What would settle it
Testing the method on character understanding tasks using entirely new, original fictional stories never seen in training data, where no accuracy drop should occur if the claim holds.
Figures
read the original abstract
Recently, Large Language Models (LLMs) have shown impressive performance in character understanding tasks, such as analyzing the roles, personalities, and relationships of fictional characters. However, the extensive pre-training corpora used by LLMs raise concerns that they may rely on memorizing popular fictional works rather than genuinely understanding and reasoning about them. In this work, we argue that 'gist memory'-capturing essential meaning - should be the primary mechanism for character understanding tasks, as opposed to 'verbatim memory' - exact match of a string.

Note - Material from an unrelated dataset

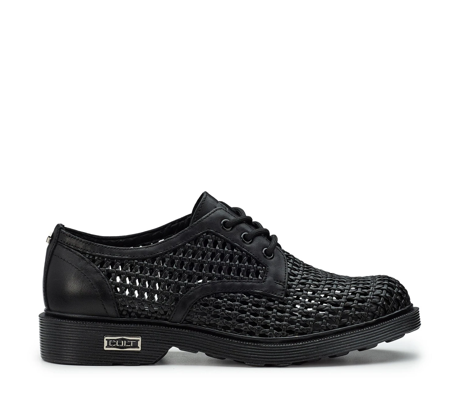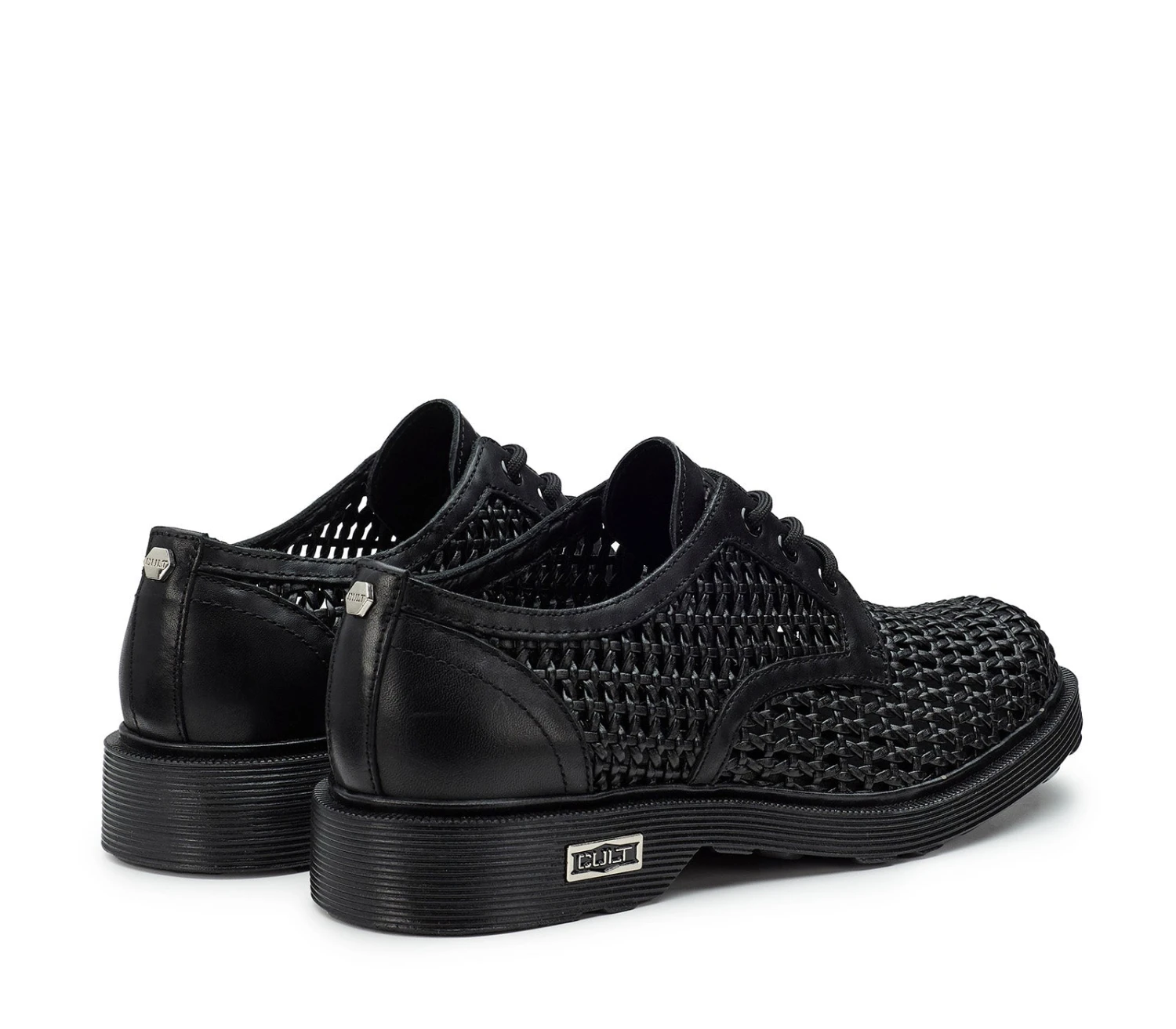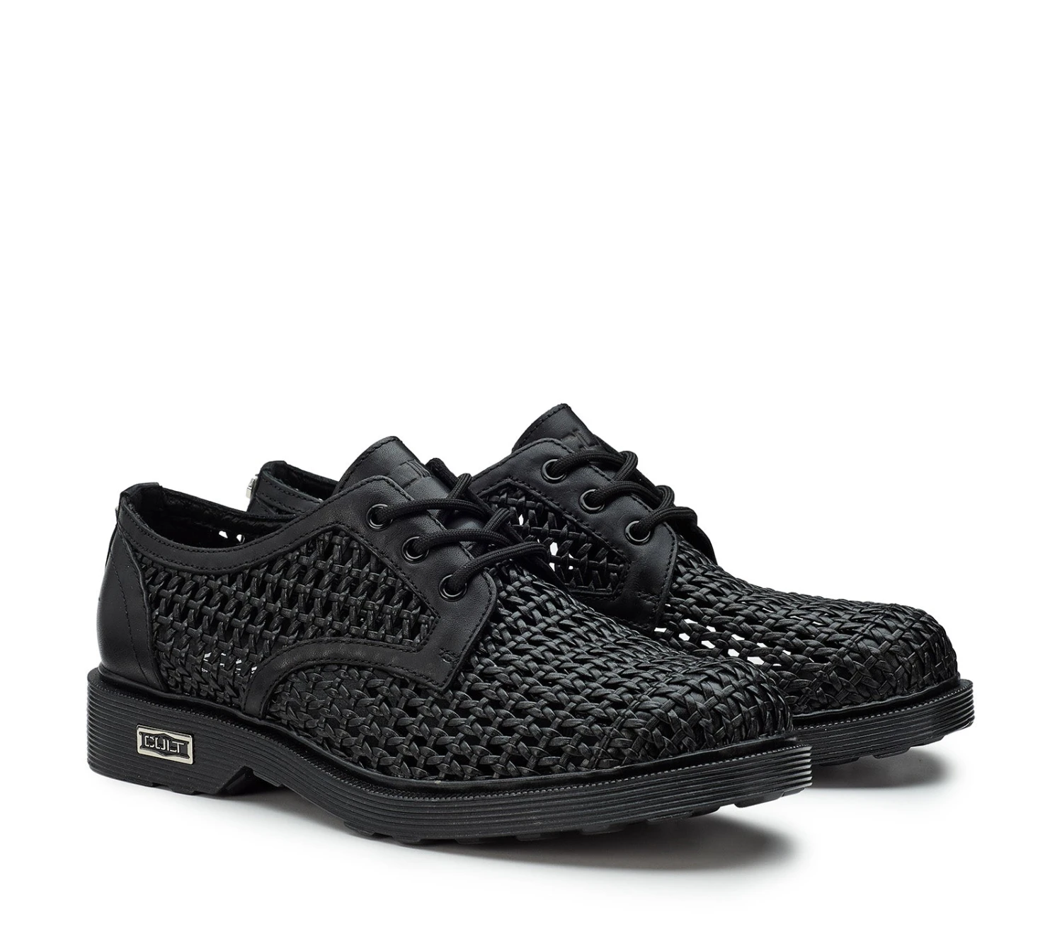 La creatività stilistica si combina con il fascino unico e inimitabile di questa derby da uomo firmata Cult per questa stagione. La scarpa è realizzata in pelle intrecciata e poggia su una suola in gomma personalizzata con l’iconica targhetta metallica. La costruzione sfoderata rende la scarpa particolarmente indicata per i look estivi.

We introduce a simple yet effective method to mitigate mechanized memorization in character understanding evaluations while preserving the essential implicit cues needed for comprehension and reasoning. Our approach reduces memorization-driven performance on popular fictional works from 96% accuracy to 72% and results in up to an 18% drop in accuracy across various character understanding tasks. These findings underscore the issue of data contamination in existing benchmarks, which often measure memorization rather than true character understanding.
Editorial analysis
A structured set of objections, weighed in public.
Referee Report
Summary. The paper claims that LLMs achieve high performance on character understanding tasks (roles, personalities, relationships) for fictional works primarily through verbatim memorization of popular texts rather than gist-based reasoning. It introduces an unspecified method to mitigate mechanized memorization while preserving implicit cues for comprehension, reporting a reduction in memorization-driven accuracy from 96% to 72% on popular fictional works and drops of up to 18% across character understanding tasks. The findings are presented as evidence of data contamination in existing benchmarks.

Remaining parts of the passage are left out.